Monday, March 26, 2007


So, today was the day I was going to march into Site X and find out what their effing deal is with me.

I got there early in the morning - nice and on-timey, natch - to find the boss at Site X. I show her the appraisal from my co-worker - she is the head of a sub-department, and we'll name her "Florence," on account of the time of the month. The site boss says that she's cool with me, and didn't know about any problems. She and I decide I'll go talk to Florence at the end of the day, but generally there is no crisis, and this appears to be the end of it. Cool. One worry down.

The work day proceeds without incident, though I'm a little worried about talking to her all day. I go to meetings, do some writing, have a nice conference with another co-worker ("Carol," who has said how much she values my opinion) race very quickly home for lunch to let out the idiot puppy, go to some more meetings, and it was the end of the day. Bracing myself, I go down to Florence's office to find out what is her damage.

I walked in, settled down, and began with my carefully rehearsed speech.

Me: "Hi, Florence. Listen, I've been meaning to talk to you about some things you wrote on my performance apparaisal that got sent to my boss."

Florence: "Oh, yeah...that wasn't me. That was Carol. We filled it out together. I think you're awesome."

Me: "Ummmm...what?"

Florence: "Yeah, she was mad at you, maybe for forgetting that meeting? I mean, I'm the head of the subdepartment, so it has my name on it, but she wrote all the comments. Really, you're fine. I have no problems with you, and I don't think you're argumentative."

Me: "Erm...really? I guess...OK; well, uh, never mind, then. So...anything else I can do for you? No? Well...have a great afternoon, thanks!"

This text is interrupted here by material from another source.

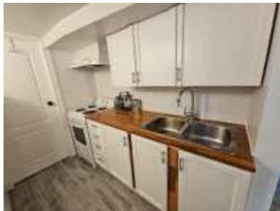
Pic. 26: Basement kitchen
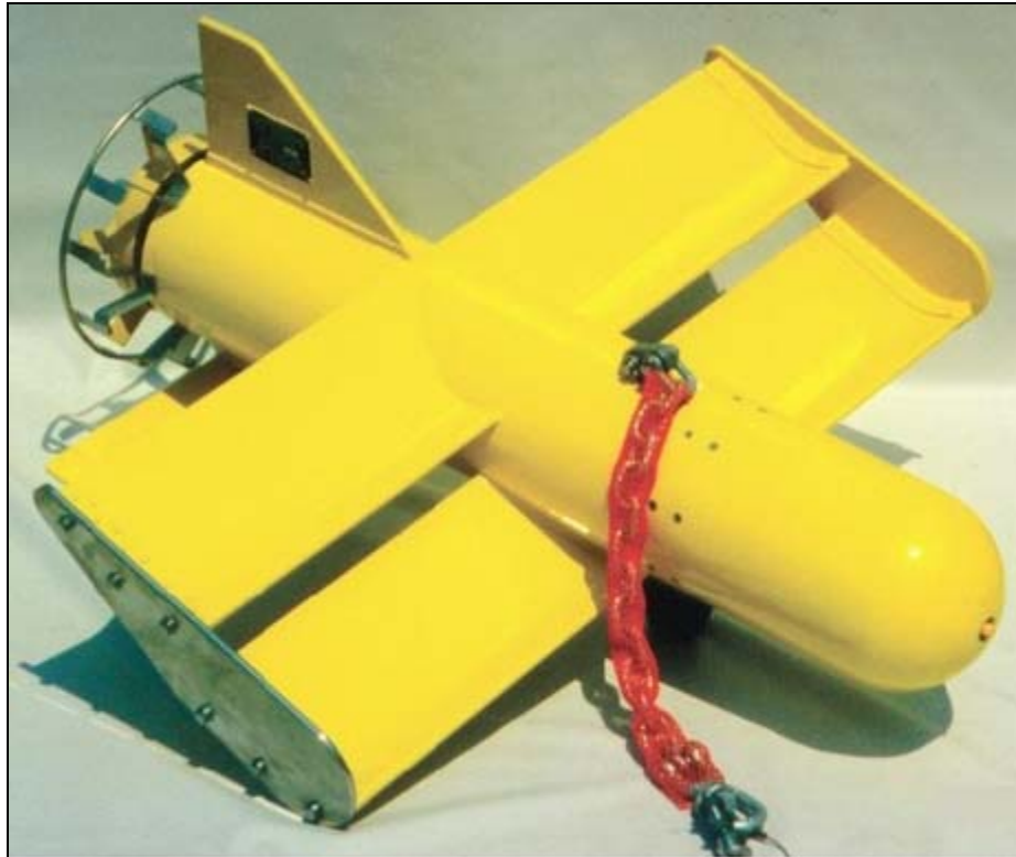
A/N37U-1 Mine Clearing System (MCS)

So, I spent all damn day worrying and stressing over this conversation, and I didn't even have the right person. (And no, I don't know why she'd put her name on it if she didn't write it.)

The damn thing gets more comical the longer I worry about it. In fact, I hereby deem this little incident funny, and no longer a problem.
As my hair muse, Sienna Miller, is going with mid-length hair this season, I went with longish. (I'm totally KIDDING about Sienna being my muse. She's not. Well, truthfully, she would be if I was a 105-pound millionaire.) It doesn't look much different, but it's shorter in back.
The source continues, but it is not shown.